DeepSpeech over Web Browser

agarwalaashish20 · January 30, 2019, 11:27pm

Hi, I have created a project to use DeepSpeech on the web browser to ease the use. Till now I haven’t found any relevant project in the example section of DeepSpeech (DeepSpeech/examples at master · mozilla/DeepSpeech · GitHub) that talks about accessing the Mozilla DeepSpeech on the Web.

I thought of sharing it. Please have a look, if the project can be included in the DeepProject.

Any suggestions and improvements are welcomed.

lissyx · January 30, 2019, 11:45pm

That’s nice! However, quickly looking at the code, it’s an API using deepspeech and client code to call it, right? And since the API is written in Python, why bother with inefficient subprocess calls that will cause the model to be reloaded from scratch each time when you could directly use the python module, and write from deepspeech import Model ?

agarwalaashish20 · February 6, 2019, 6:43pm

Thank you for the input @lissyx.

As suggested, I have made the necessary changes in the backend code. But strangely, the results are not as accurate as before. I believe it has to do with the BEAM_WIDTH, LM_WEIGHT etc that are required to define the Deep Speech model. Please guide.

Here is the link: DeepSpeech-API

Also, my intent for this discussion is to have the above repository forked as a part of Mozilla DeepSpeech examples folder. DeepSpeech Examples

Reason: We want to introduce Mozilla DeepSpeech model to the students in the University. Since we don’t want the students to go through the entire setup, we want to run the model on a standalone server that runs DeepSpeech and students can use it over the browser. And later, if they find it interesting, they can involve themselves. A model over the browser makes things really easy.

Looking forward to your answer.

agarwalaashish20 · February 11, 2019, 7:26pm

Any comments on the above request?
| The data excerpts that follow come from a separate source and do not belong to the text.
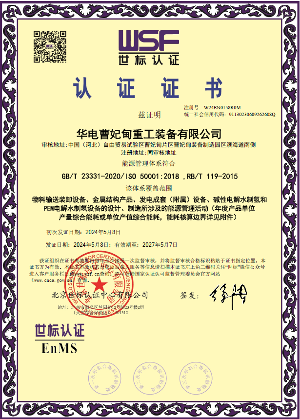 曹妃甸重工從基礎(chǔ)設(shè)施的環(huán)保升級、管理體系的綠色轉(zhuǎn)型、能源資源的高效利用、產(chǎn)品設(shè)計的綠色創(chuàng)新以及環(huán)境排放的嚴格管控等多個維度入手,對生產(chǎn)運營進行了全面梳理和優(yōu)化,并首次獲得“能源管理體系認證”證書,為順利通過省級“綠色工廠”認定提供了有力支持。在技術(shù)創(chuàng)新方面,曹妃甸重工致力于開發(fā)氫能電解槽等前沿能源項目,進一步推動能源結(jié)構(gòu)的優(yōu)化工作。
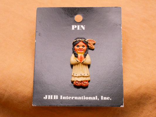 Native American JHB Vintage Painted Plastic Pin Brooch 17x32mm
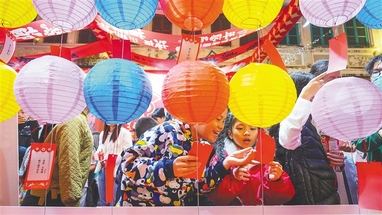 猜灯谜是元宵节最受欢迎的传统项目。缀满灯谜的长廊下人头攒动,兑奖处热闹非凡,投壶纳吉、百发百中、身手不凡等趣味游园区域欢声笑语不断,汉服体验、国潮集市也吸引了众多游人驻足,处处洋溢着浓郁的喜庆氛围,一派火热的闹元宵盛景。
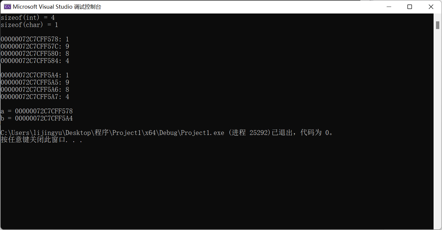 #include <stdio.h> #define N 4 int main() { int a[N] = {1, 9, 8, 4}; char b[N] = {'1', '9', '8', '4'}; int i; printf("sizeof(int) = %d\n", sizeof(int)); printf("sizeof(char) = %d\n", sizeof(char)); printf("\n"); // 输出数组a中每个元素的地址、值 for (i = 0; i < N; ++i) printf("%p: %d\n", &a[i], a[i]); printf("\n"); // 输出数组b中每个元素的地址、值 for (i = 0; i < N; ++i) printf("%p: %c\n", &b[i], b[i]); printf("\n"); // 输出数组名a和b对应的值 printf("a = %p\n", a); printf("b = %p\n", b); return 0; }
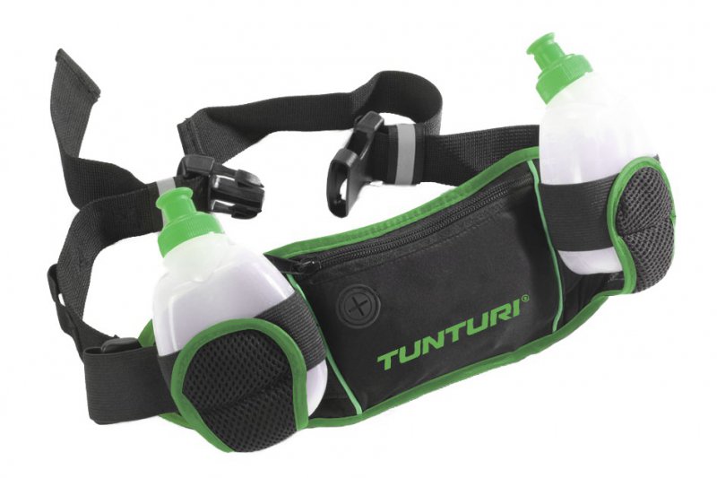 Tunturi Runningbelt. Lehká sportovní ledvinka, elastický pás rychloupínací sponou. Úložný prostor se zipem a otvorem pro sluchátka. Součástí jsou 2 láhve na vodu o objemu 170 ml.

Looking forward to your answer.

carlfm01 · February 12, 2019, 3:28am

I think there’s no viable server-client yet, as mentioned here the model can’t take more than one audio at time, @agarwalaashish20 multiple clients feeding the same deepspeech server instance can cause the things you said.

You can read about batching here
https://github.com/tensorflow/serving/tree/master/tensorflow_serving/batching

lissyx · February 12, 2019, 9:34am

Please refer to the release notes and the other client to see the proper values, it’s all there, no magic.

agarwalaashish20 · March 2, 2019, 7:19pm

@lissyx @carlfm01: Please have a look. I did some fixes. Are these changes viable for a fork?

Here is the link: DeepSpeech-API

lissyx · March 4, 2019, 2:19pm

That looks better, but I’m really really not convinced this should land in the main repo.

agarwalaashish20 · March 5, 2019, 1:04pm

@lissyx: Please guide, if you have a some ideas to improve it. This implementation serves purpose of accessing DeepSpeech over the web browser. But I am open to enhance it. I just need your guidance, so that we can end up with an implementation that is sufficient to help users to quickly start using DeepSpeech over the browser.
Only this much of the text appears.